We have to watch minute after minute of prisoners and civilians on two different ferries decide whether or not to detonate explosives rigged to the others’ boat, and linger over their “screw everyone else, I’m totally in it for myself” rottenness (and *no one* on either ferry stands up in protest and says, “stop these madmen!”) — but oh yeah, then the prisoner decides to throw the detonator out the boat window, and the civilian decides he doesn’t have the heart to go through with it — so you see, the moviemakers finally demonstrated to us that these people REALLY aren’t rotten after all, even though they’ve just forced the audience to deal with five straight minutes of odious human nature.

To this observation, I could not help adding that five minutes after we get Batman telling the Joker that the people will do the right thing (“there will be no explosion”) we get Batman telling Gordon that the people will be so crushed that their hero, Dent, isn’t perfect, that they have to construct this elaborate lie about Batman in order to keep them from spiraling into the pointless anarchy the Joker is trying to foster.

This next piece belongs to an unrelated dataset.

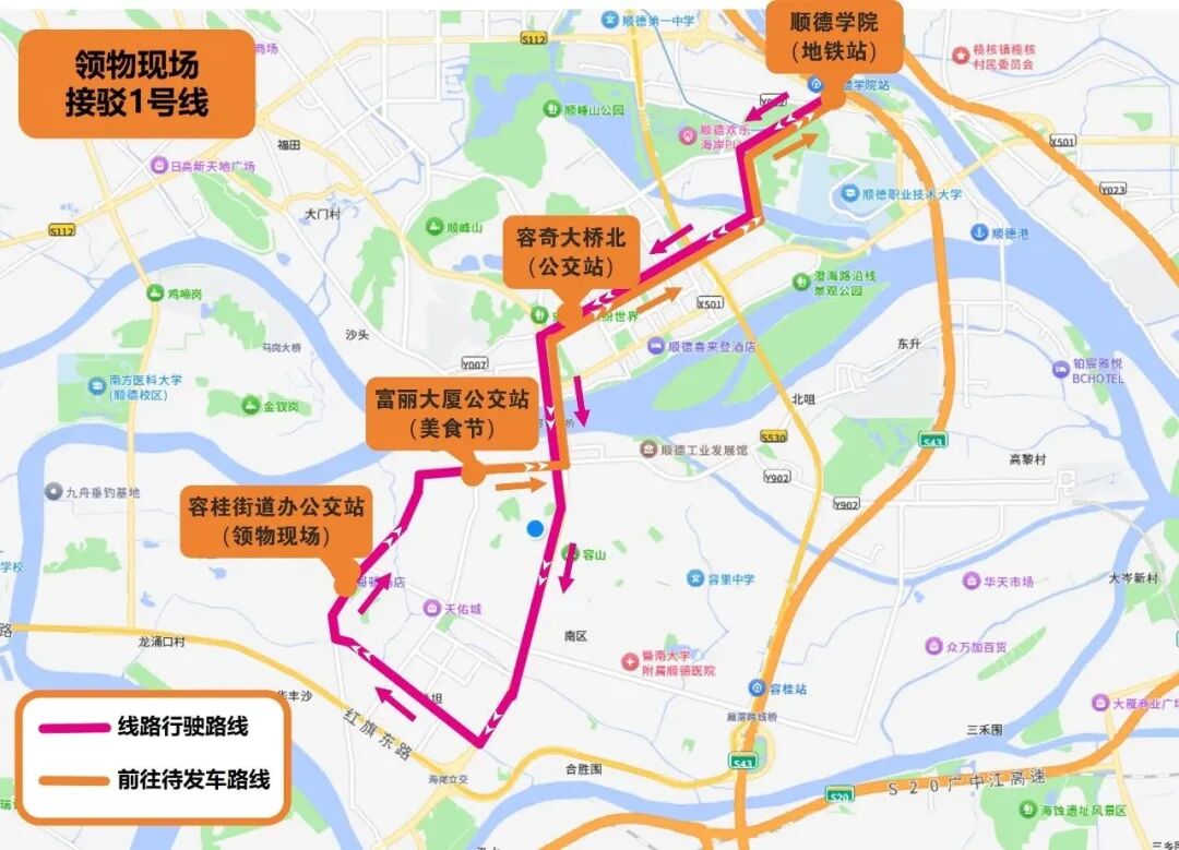 顺德学院地铁站→容奇大桥北公交站→容桂街道办公交站→富丽大厦公交站(顺德美食嘉年华)→容奇大桥北公交站→顺德学院地铁站

If Batman, like V, has contradictory notions about the people he is trying to liberate from tryanny, the real cult hero of the film, Heath Ledger’s Joker, expresses the Milleresque trope that civilization weakens rather than strengthens its occupants because it places limitations only on good people, not on those who ignore them. (This is the theory equivalent of the maxim that if you outlaw guns only outlaws will have guns, writ large.) “You have all these rules, and you think they’ll save you.” The Joker, like V, sees violence as a rational alternative to corruption and decay, but his motivation is sadistic rather than prophetic–he is destroying the old not to prepare the way for a renaissance and rebirth but because he finds the anarchic state more pleasurable for the tyrants and sadists.

In George Orwell’s “Shooting an Elphant,” the autobiographical narrator speaks, prophetically, about his own secret desire for violence fed by his hatred of tyranny. Yet his words are laced with a hard irony: “I was young and ill-educated and I had had to think out my problems in the utter silence that is imposed on every Englishman in the East. I did not even know that the British Empire is dying, still less did I know that it is a great deal better than the younger empires that are going to supplant it.” In the twentieth century, opposing tyranny without building democracy is seldom enough. You can’t just blow up the tyrant. The vacuum creates not a peaceful sea resulting in a more stable ship of state but rather a tempestuous maelstrom in which, perhaps, a worse tyranny emerges to prey on a yet weaker populace.